Signed-off-by: Ard Biesheuvel <ardb@kernel.org>
Signed-off-by: Herbert Xu <herbert@gondor.apana.org.au>


# d2912cb1 04-Jun-2019 Thomas Gleixner <tglx@linutronix.de>

treewide: Replace GPLv2 boilerplate/reference with SPDX - rule 500

Based on 2 normalized pattern(s):

this program is free software you can redistribute it and or modify
it under the terms of the gnu general public license version 2 as
published by the free software foundation

this program is free software you can redistribute it and or modify
it under the terms of the gnu general public license version 2 as
published by the free software foundation #

extracted by the scancode license scanner the SPDX license identifier

GPL-2.0-only

has been chosen to replace the boilerplate/reference in 4122 file(s).

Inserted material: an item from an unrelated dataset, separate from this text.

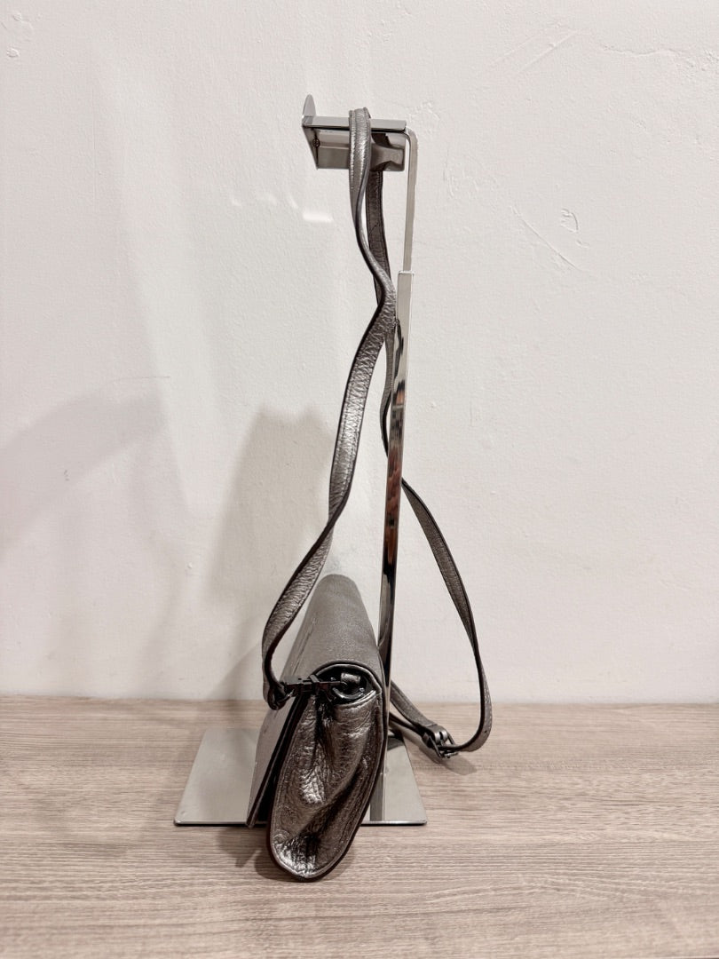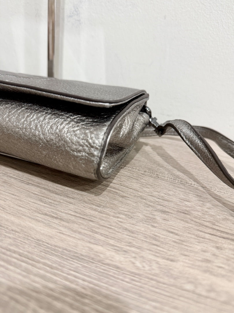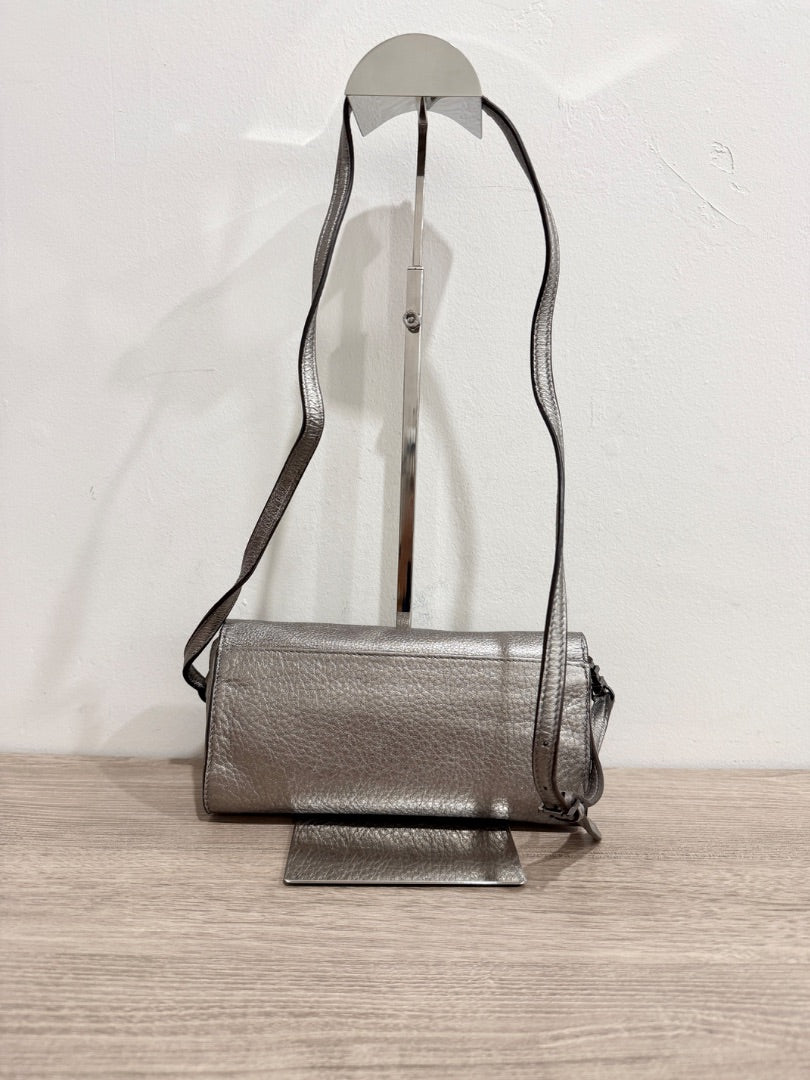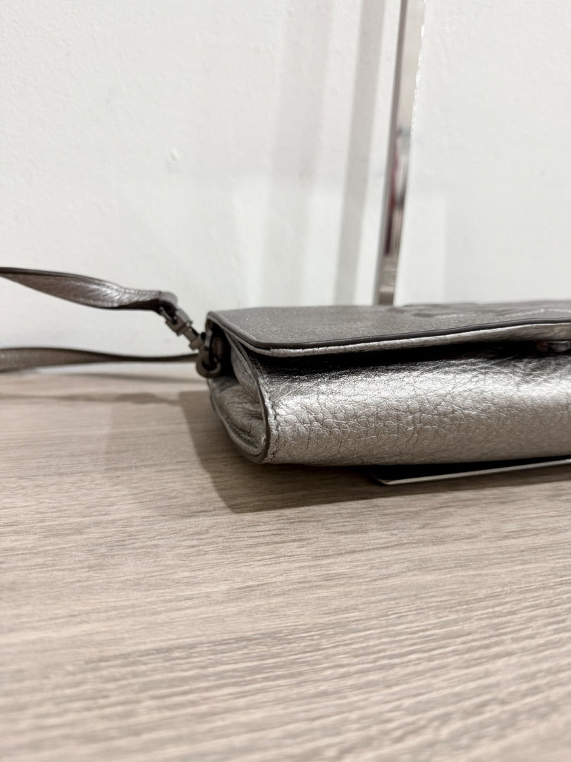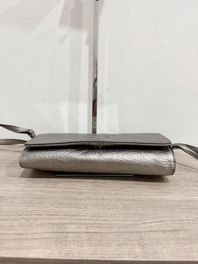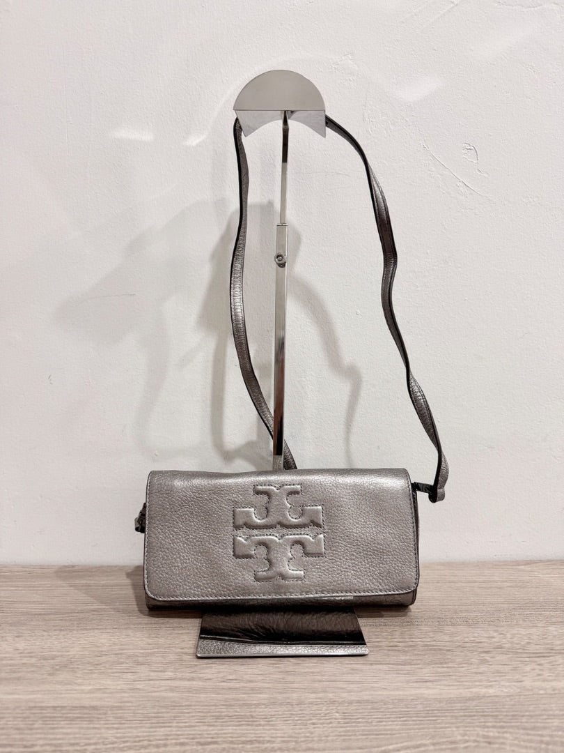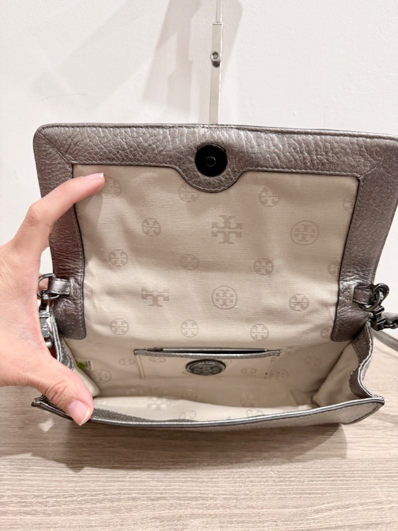 Tory Burch platinum metallic logo embossed small shoulder bag

Signed-off-by: Thomas Gleixner <tglx@linutronix.de>
Reviewed-by: Enrico Weigelt <info@metux.net>
Reviewed-by: Kate Stewart <kstewart@linuxfoundation.org>
Reviewed-by: Allison Randal <allison@lohutok.net>
Cc: linux-spdx@vger.kernel.org
Link: https://lkml.kernel.org/r/20190604081206.933168790@linutronix.de
Signed-off-by: Greg Kroah-Hartman <gregkh@linuxfoundation.org>


# aaba098f 09-Apr-2019 Andrew Murray <amurray@thegoodpenguin.co.uk>

arm64: HWCAP: add support for AT_HWCAP2

As we will exhaust the first 32 bits of AT_HWCAP let's start
exposing AT_HWCAP2 to userspace to give us up to 64 caps.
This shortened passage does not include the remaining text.